Let's start by writing the test program for split:
int main() { string s;
// read and split each line of input while (getline(cin, s)) {
vector<string> v = split(s);
// write each word in v
for (vector<string>::size_type i = 0; i != v.size(); ++i) cout << v[i] << endl;
}
return 0;
}
This program needs to read the input an entire line at a time. Fortunately, the string library provides what we need in the getline function, which reads input until it reaches the end of the line. The getline function takes two arguments. The first is the istream from which to read; the second is a reference to the string into which to store what is read. As usual, the getline function returns a reference to the istream from which we read, so that we can test that istream in a condition. If we hit end-of-file or encounter invalid input, then the return from getline will indicate failure and we'll break out of the while.
As long as we can read a line of input, we store that line in s and pass it to split, storing the return value from split in v. Next, we loop through v, writing each string in that vector on a separate line.
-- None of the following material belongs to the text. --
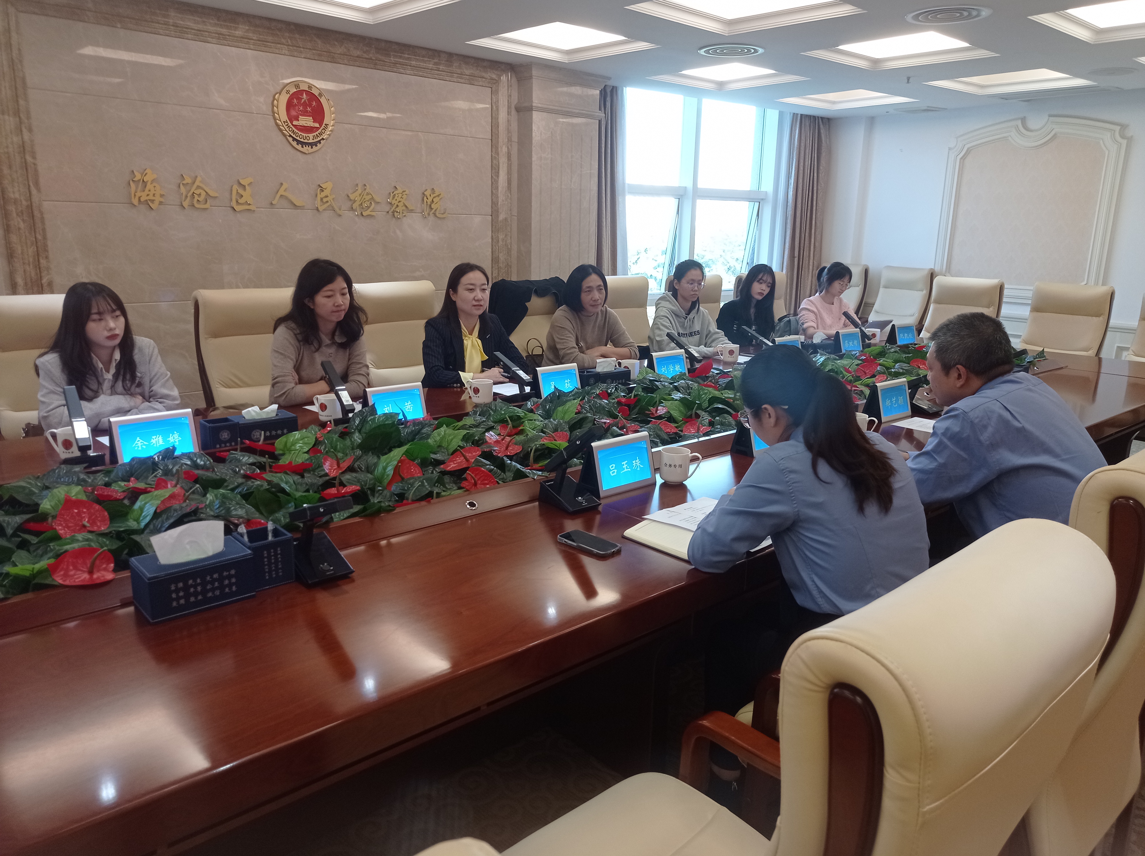 吴荻表示,海沧区检察院作为大陆首家设置涉台检察室的检察院,承担着保障台企台胞权益、开展对台司法交流等重要工作,感谢海沧区检察为台湾学子提供实习机会,希望同学们珍惜机会,学以致用,提升能力,同时希望以本次实习实训为契机,进一步发挥厦门大学在推进海峡两岸融合发展中的作用。刘学敏介绍了海峡两岸检察制度研究中心开展的相关工作,希望未来与海沧区人民检察院加强合作,促进两岸司法合作发展。陈宇介绍了海沧区检察院的职能、定位等基本情况,表示将全力做好学生实习工作安排与保障,也将积极探索更加多元的实习实训模式,助力学生成长成才。郑艺颖对实习实训作了岗前培训,强调要提高保密意识,遵守保密要求。

Assuming that we added the proper #includes, including one for our own header that
contained a declaration for split, we could run this function and visually verify that it and split
work as expected. We can do even better, though, by comparing the output of this program with a program that lets the library do all the work:
int main() {
string s;
while (cin >> s) cout << s << endl;
return 0;
}
This program and the previous one should generate identical output. Here, we let the string input operator separate the input stream into a series of words, which we write one to a line.
By running both programs on the same, complex input, we can have a good idea that our split function works.
5.8 Putting strings together
In §1.2/12 and §2.5.4/29, we wrote a program to write someone's name centered in a box of asterisks. However, we never actually created a string to hold our program's output. Instead, we wrote the various parts of our output, one at a time, and let the output file combine those fragments into a picture.
We will now revisit this problem, with the aim of building a single data structure that represents the entire framed string. This program is a simplified version of one of our favorite examples, called character pictures. A character picture is a rectangular array of characters that can be displayed. It is a simplification of what happens in a real application—in this case, applications based on bitmap graphics. The simplifications are to use characters instead of bits, and to write onto ordinary files instead of displaying on graphical hardware. The problem builds on an exercise originally presented in the first edition of Stroustrup's The C++ Programming
Language (Addison-Wesley, 1986), and that we explored in some depth in Ruminations on C++ (Addison-Wesley, 1997).